Meghan Markle Opens Up About Her Heartbreaking Miscarriage

In a revealing piece in The New York Times, Duchess of Sussex, Meghan Markle openly discusses the "pain and grief" of a miscarriage she experienced in July. She opens the piece by describing an ordinary summer morning, during which she'd awoken, made breakfast, taken her vitamins, and gone to get her young son Archie from his crib. Upon picking him up, she felt a sharp cramp and sunk to the floor, singing a lullaby to comfort both herself and the little boy in her arms. She says she new in that moment that something was "not right."
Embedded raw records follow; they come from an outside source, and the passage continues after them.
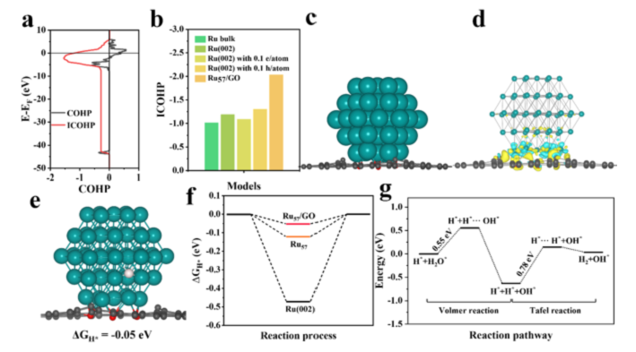 57/GO的最佳氫吸附構(gòu)型及其對應(yīng)的ΔGH*。(f)計(jì)算出Ru(002)、Ru
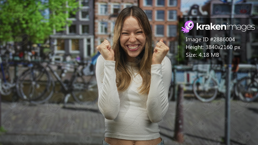 Woman with hands raised cheering on a city street, wearing white shirt and jeans, smiling broadly; joy celebration.
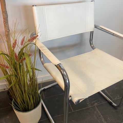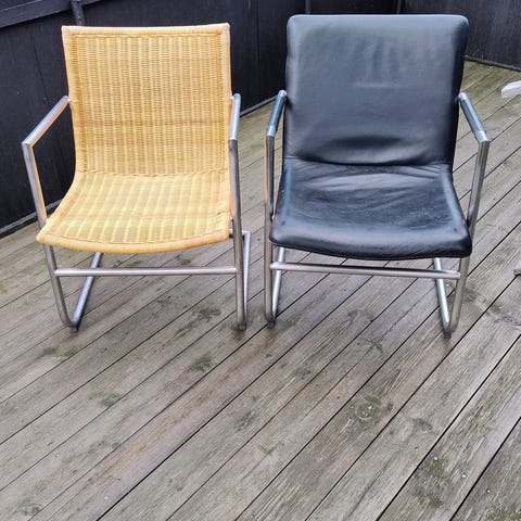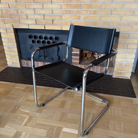 Frisvingerstol i læder/træryg/rustfri stålstel. Italiensk design.
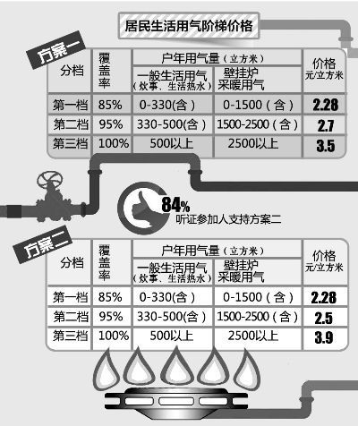 由于第二套方案的第二档价位相对更低,多位听证参加人认为,这套方案更能保障绝大多数人的利益,使大多数居民的用气成本降到最低,且更贴近低收入人群。
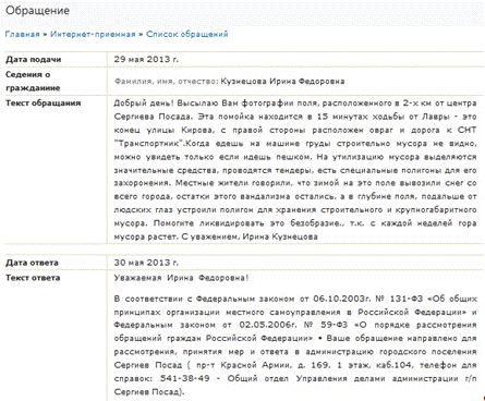 обращения граждан, поступающие через сайт Администрации Сергиево-Посадского

"The cheerful tune [was] a stark contrast to my sense that something was not right," she wrote. "Hours later, I lay in a hospital bed, holding my husband's hand. I felt the clamminess of his palm and kissed his knuckles, wet from both our tears ... Staring at the cold white walls, my eyes glazed over. I tried to imagine how we'd heal."
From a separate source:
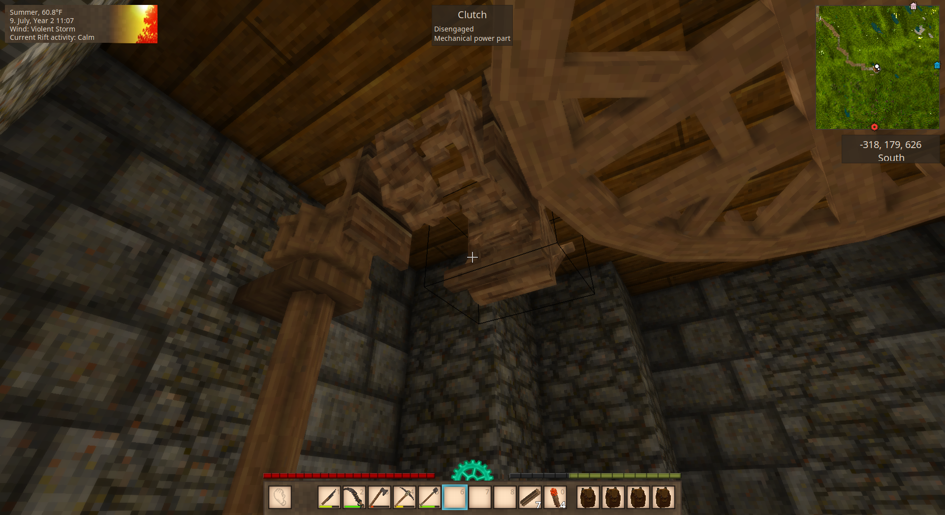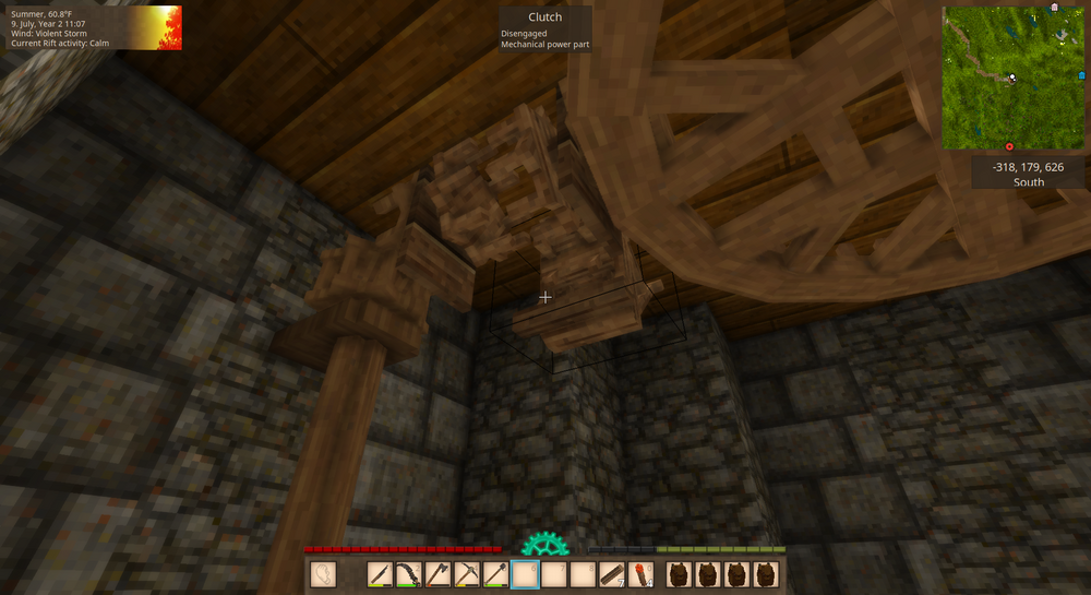 Technically there should be no real issue adding rivers to the base game in a better way than simply tunneling through the landscape. They already use a heatmap system for ore, no reason one can't be added for drainage which would interface with world height. Other terrain generation systems have already done this, it's just a matter of understanding and implementing it. The biggest hurdle IMO would be creating water sources that make sense. The default land mass percent might cause issues and would likely have to change, and it would have to take into account older saves, maybe only using that for new worlds, but it's technically feasible. We could even get features like the Colorado River. As far as water wheels, drawbacks have already been pointed out. I'd probably require a bigger outlay in resin since they shouldn't need flax, but that's really it. Might be a little weird requiring natural water source blocks though considering a good water wheel setup will likely require terraforming. Water wheels might also be higher torque but overall lower speed, meaning consistent power that can be geared up for speed (higher material outlay). I'd avoid the issues from mods like Immersive Engineering by only allowing a certain numbers of flowing source blocks to influence power; no weird water cages needed.

Why Meghan Markle went public with the devastating news of her miscarriage

Meghan's decision to go public with the pain she and her family experienced this past summer was twofold: First, to encourage the lifting of the stigma surrounding miscarriage; and second, to encourage our collective empathy for one another as the holidays approach during what is, for many, an unprecedentedly difficult year.

"In the pain of our loss," she wrote, "my husband and I discovered that in a room of 100 women, 10 to 20 of them will have suffered from miscarriage. Yet despite the staggering commonality of this pain, the conversation remains taboo, riddled with (unwarranted) shame, and perpetuating a cycle of solitary mourning." She went on to praise others who have shared their stories, saying, "Some have bravely shared their stories; they have opened the door, knowing that when one person speaks truth, it gives license for all of us to do the same."
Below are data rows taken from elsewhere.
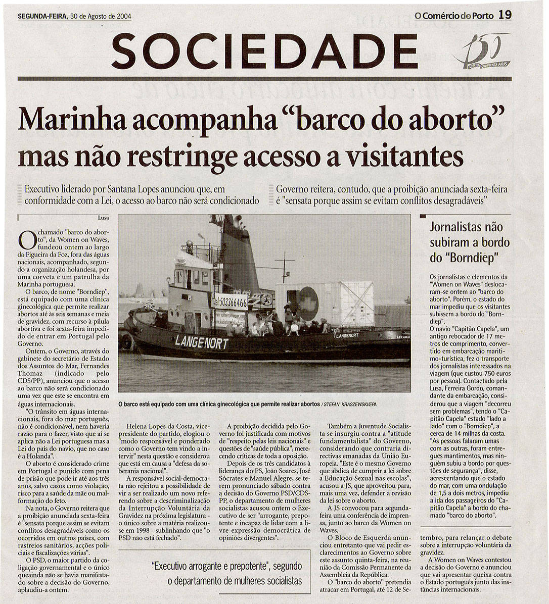 Marinha acompanha "barco do aborto" mas nao restringe acesso a visitantes
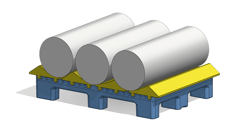 This roll pallet is often used in flexographic printing applications, including packaging and label printing. Roll pallets can also be used for racking storage.
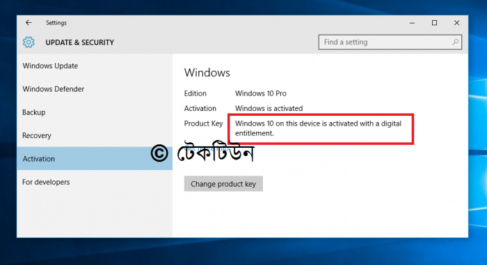 আর লেখা আসবে এইরকম, প্রোডাক্ট কি লেখাটা তে দেখতে পাবেন " windows 10 on this device is activated with a digital entitlement . "

Further, she asks that we all check in with the people we love this season, saying that "loss and pain have plagued every one of us in 2020," and urges readers to "commit to asking others, 'are you OK?'" over the Thanksgiving holiday in the U.S." Meghan and Harry are U.S. residents these days, living in California since stepping down as senior royals in January. Per the BBC, a spokesman for Buckingham Palace said, "It's a deeply personal matter we would not comment on."